Fourth, if the claimant's impairment is severe, but it does not meet or equal one of the presumptively disabling impairments, then the Commissioner will assess the claimant's RFC to determine the claimant's "ability to meet the physical, mental, sensory, and other requirements" of the claimant's past relevant work. 20 C.F.R. §§ 404.1520(a)(4)(iv), 404.1545(a)(4), 416.920(a)(4)(iv), 416.945(a)(4). RFC is a measurement of the most a claimant can do despite his or her limitations. Hines v. Barnhart, 453 F.3d 559, 562 (4th Cir. 2006); see 20 C.F.R. §§ 404.1545(a)(1), 416.945(a)(1). The claimant is responsible for providing evidence the Commissioner will use to make a finding as to the claimant's RFC, but the Commissioner is responsible for developing the claimant's "complete medical history, including arranging for a consultative examination(s) if necessary, and making every reasonable effort to help [the claimant] get medical reports from [the claimant's] own medical sources." 20 C.F.R. §§ 404.1545(a)(3), 416.945(a)(3).

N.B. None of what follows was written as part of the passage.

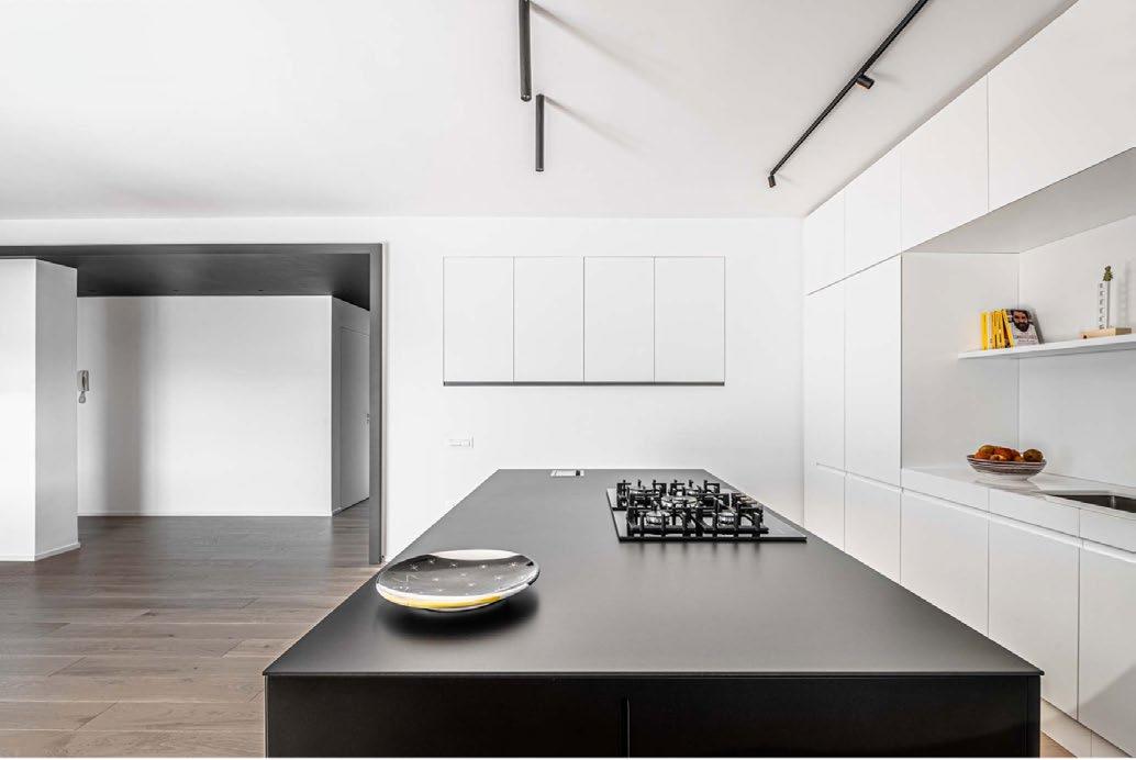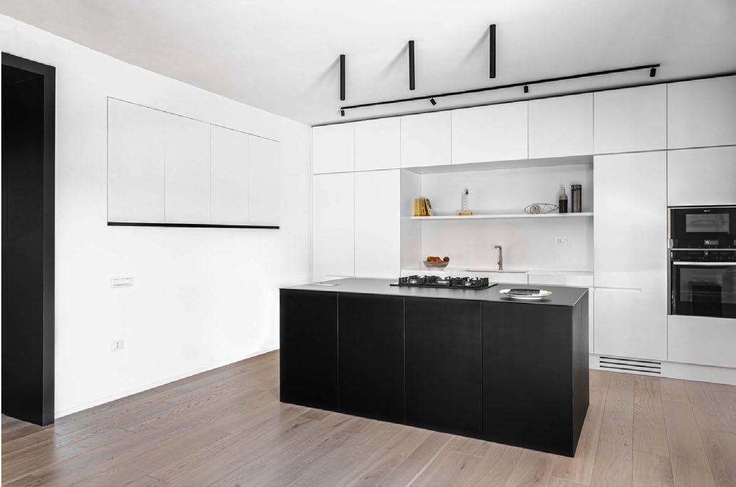 In the open space, the absolute protagonist is the kitchen, designed ad hoc by the studio and custom made by artisans. A white wardrobe with a large central box, in contrast with the black island block.

The Commissioner also will consider certain non-medical evidence and other evidence listed in the regulations. See id. If a claimant retains the RFC to perform past relevant work, then the claimant is not disabled. Id. §§ 404.1520(a)(4)(iv), 416.920(a)(4)(iv).

Fifth, if the claimant's RFC as determined in step four will not allow the claimant to perform past relevant work, then the burden shifts to the Commissioner to prove that there is other work that the claimant can do, given the claimant's RFC as determined at step four, age, education, and work experience. See Hancock v. Astrue, 667 F.3d 470, 472-73 (4th Cir. 2012). The Commissioner must prove not only that the claimant's RFC will allow the claimant to make an adjustment to other work, but also that the other work exists in significant numbers in the national economy. See Walls, 296 F.3d at 290; 20 C.F.R. §§ 404.1520(a)(4)(v), 416.920(a)(4)(v). If the claimant can make an adjustment to other work that exists in significant numbers in the national economy, then the Commissioner will find that the claimant is not disabled. If the claimant cannot make an adjustment to other work, then the Commissioner will find that the claimant is disabled. 20 C.F.R. §§ 404.1520(a)(4)(v), 416.920(a)(4)(v).

III

Substantial Evidence Standard

The Court reviews an ALJ's decision to determine whether the ALJ applied the correct legal standards and whether the factual findings are supported by substantial evidence. See Craig v. Chater, 76 F.3d 585, 589 (4th Cir. 1996). In other words, the issue before the Court "is not whether [Plaintiff] is disabled, but whether the ALJ's finding that [Plaintiff] is not disabled is supported by substantial evidence and was reached based upon a correct application of the relevant law." Id. The Court's review is deferential, as "[t]he findings of the Commissioner of Social Security as to any fact, if supported by substantial evidence, shall be conclusive." 42 U.S.C. § 405(g). Under this standard, substantial evidence is less than a preponderance but is enough that a reasonable mind would find it adequate to support the Commissioner's conclusion. See Hancock, 667 F.3d at 472; see also Richardson v. Perales, 402 U.S. 389, 401, 91 S. Ct. 1420, 1427 (1971).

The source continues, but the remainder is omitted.